# WHAT YOU SHOULD DO
Go to the line below that has "CAMPLI (TE) –", print it and each line after it exactly, and stop after the line that has "йдеться у повідомленні."; leave out pictures.

# DATA
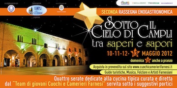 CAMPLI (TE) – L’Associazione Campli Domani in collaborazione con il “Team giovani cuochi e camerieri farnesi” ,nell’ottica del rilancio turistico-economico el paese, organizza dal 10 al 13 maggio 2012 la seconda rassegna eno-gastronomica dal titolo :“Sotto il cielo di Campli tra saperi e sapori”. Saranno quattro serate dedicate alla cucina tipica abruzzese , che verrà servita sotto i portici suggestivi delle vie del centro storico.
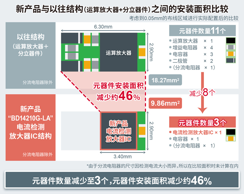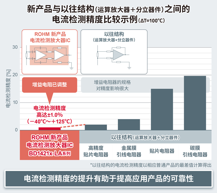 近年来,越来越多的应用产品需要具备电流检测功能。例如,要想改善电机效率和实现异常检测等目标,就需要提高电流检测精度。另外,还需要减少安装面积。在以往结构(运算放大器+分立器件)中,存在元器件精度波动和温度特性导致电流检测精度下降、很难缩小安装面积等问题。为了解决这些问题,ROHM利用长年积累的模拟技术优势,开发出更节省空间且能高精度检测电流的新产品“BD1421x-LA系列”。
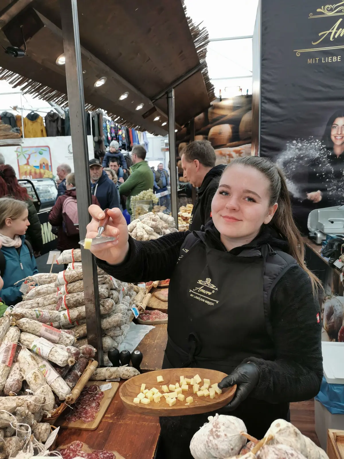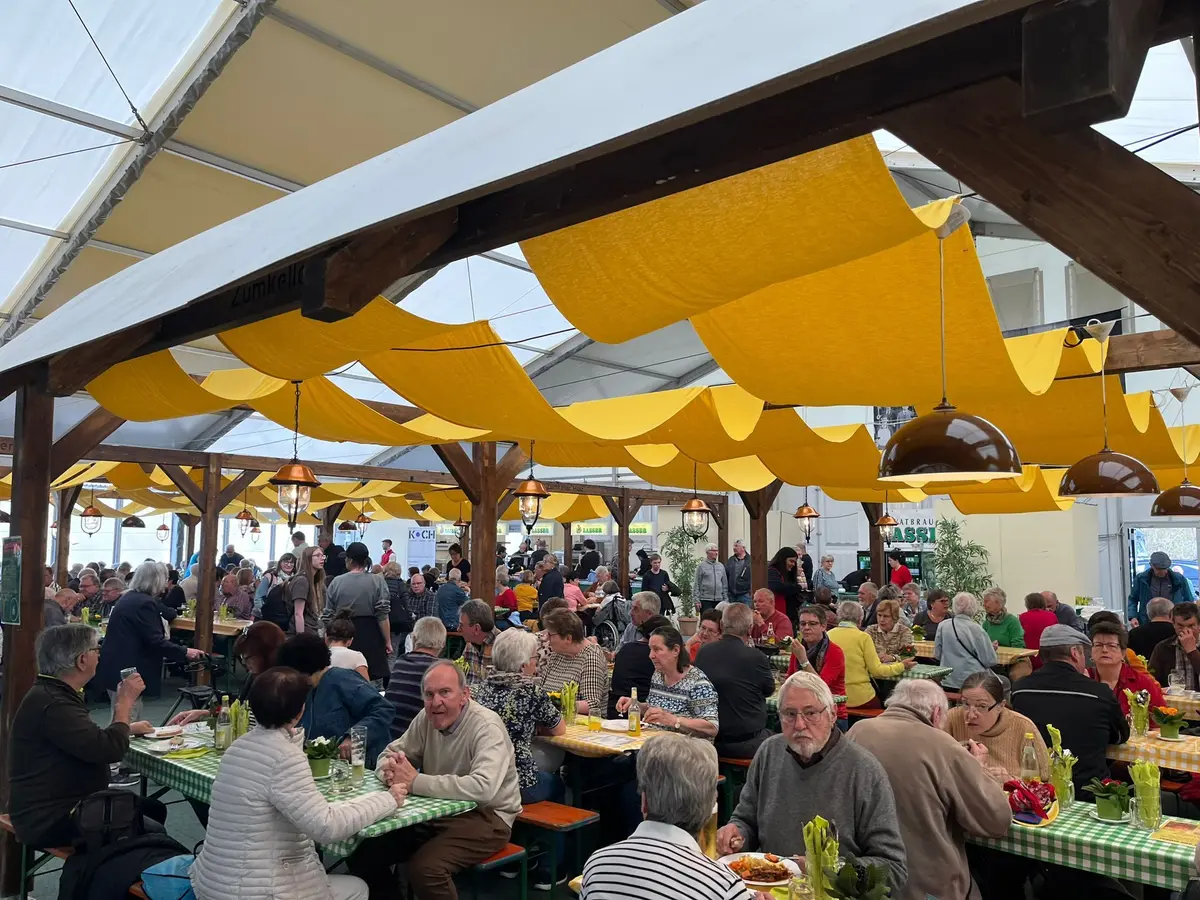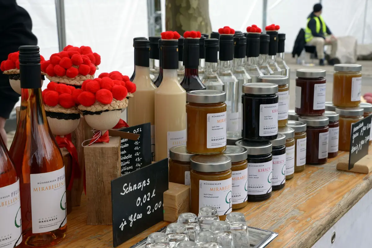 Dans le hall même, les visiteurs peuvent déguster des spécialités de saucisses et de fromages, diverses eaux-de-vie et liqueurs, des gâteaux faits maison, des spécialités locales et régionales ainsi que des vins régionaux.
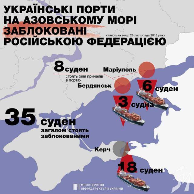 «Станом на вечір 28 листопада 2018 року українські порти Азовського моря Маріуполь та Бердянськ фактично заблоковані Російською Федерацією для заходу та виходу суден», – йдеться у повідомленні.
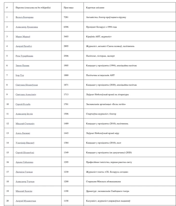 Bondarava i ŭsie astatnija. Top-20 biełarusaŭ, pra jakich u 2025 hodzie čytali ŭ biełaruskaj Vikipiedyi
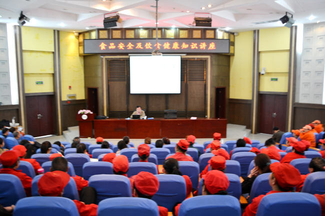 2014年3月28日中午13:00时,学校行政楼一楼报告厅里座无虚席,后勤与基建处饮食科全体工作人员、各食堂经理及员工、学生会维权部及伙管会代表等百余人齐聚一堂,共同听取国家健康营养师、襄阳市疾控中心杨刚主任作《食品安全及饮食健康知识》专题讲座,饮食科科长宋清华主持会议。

==

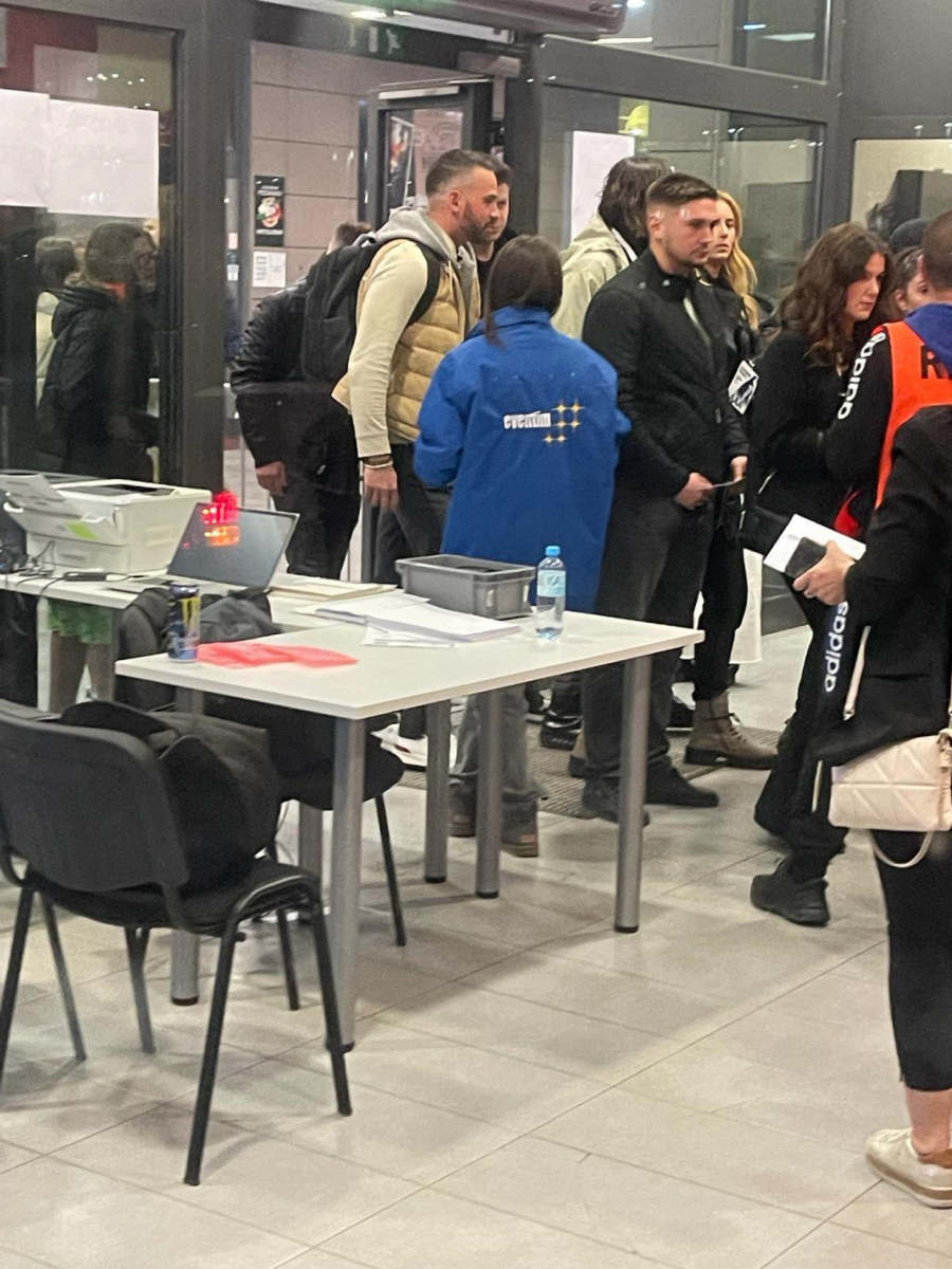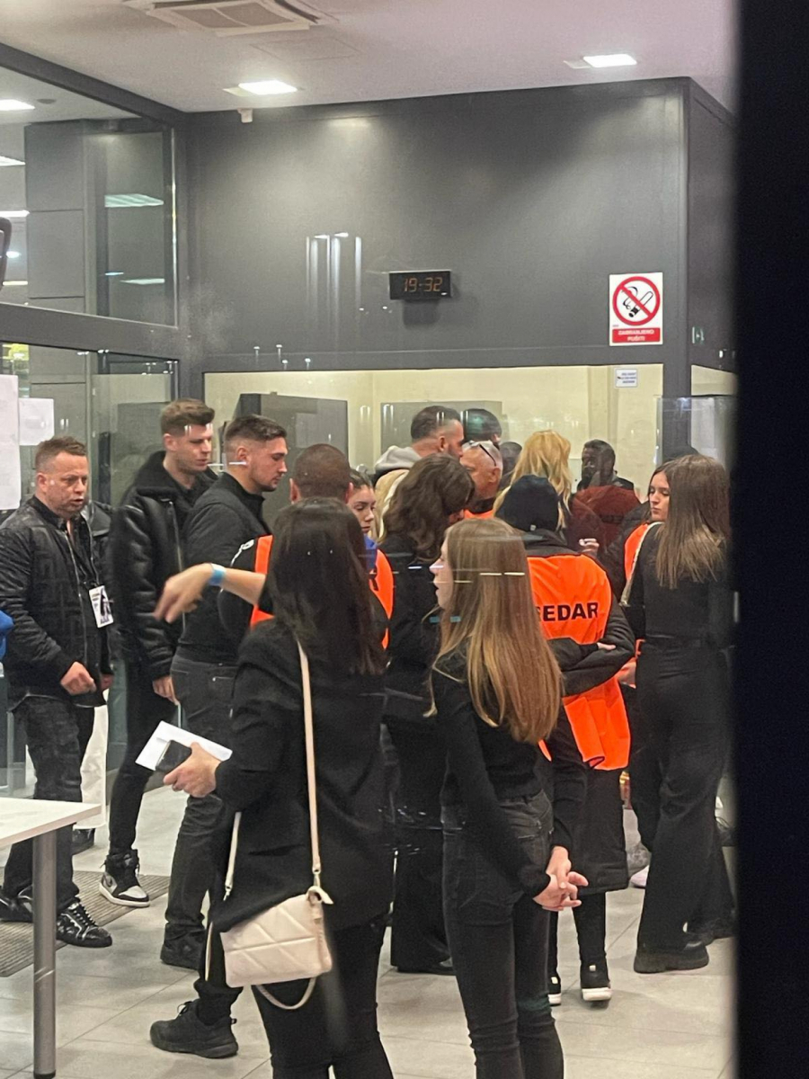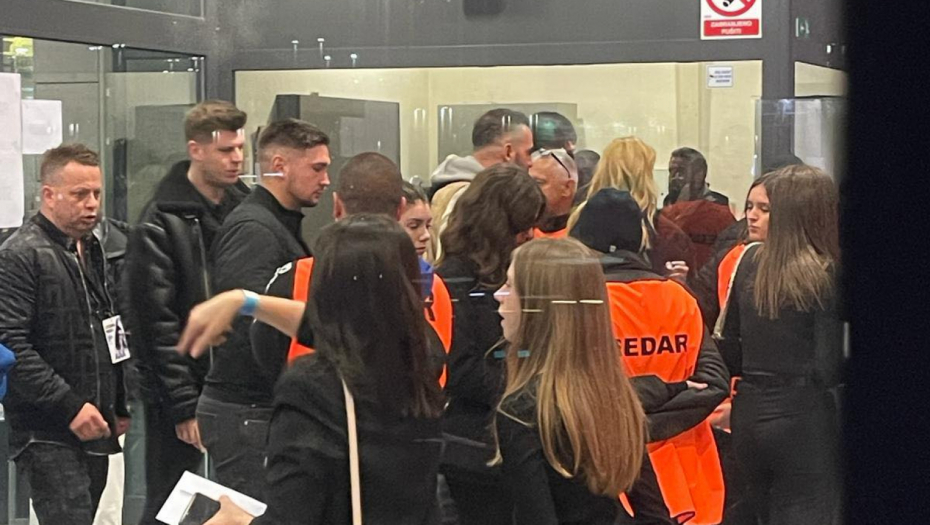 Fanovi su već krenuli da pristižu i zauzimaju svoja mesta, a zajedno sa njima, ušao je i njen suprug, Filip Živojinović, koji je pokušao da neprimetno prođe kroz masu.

# EXERCISE ANSWER
 CAMPLI (TE) – L’Associazione Campli Domani in collaborazione con il “Team giovani cuochi e camerieri farnesi” ,nell’ottica del rilancio turistico-economico el paese, organizza dal 10 al 13 maggio 2012 la seconda rassegna eno-gastronomica dal titolo :“Sotto il cielo di Campli tra saperi e sapori”. Saranno quattro serate dedicate alla cucina tipica abruzzese , che verrà servita sotto i portici suggestivi delle vie del centro storico.
 近年来,越来越多的应用产品需要具备电流检测功能。例如,要想改善电机效率和实现异常检测等目标,就需要提高电流检测精度。另外,还需要减少安装面积。在以往结构(运算放大器+分立器件)中,存在元器件精度波动和温度特性导致电流检测精度下降、很难缩小安装面积等问题。为了解决这些问题,ROHM利用长年积累的模拟技术优势,开发出更节省空间且能高精度检测电流的新产品“BD1421x-LA系列”。
 Dans le hall même, les visiteurs peuvent déguster des spécialités de saucisses et de fromages, diverses eaux-de-vie et liqueurs, des gâteaux faits maison, des spécialités locales et régionales ainsi que des vins régionaux.
 «Станом на вечір 28 листопада 2018 року українські порти Азовського моря Маріуполь та Бердянськ фактично заблоковані Російською Федерацією для заходу та виходу суден», – йдеться у повідомленні.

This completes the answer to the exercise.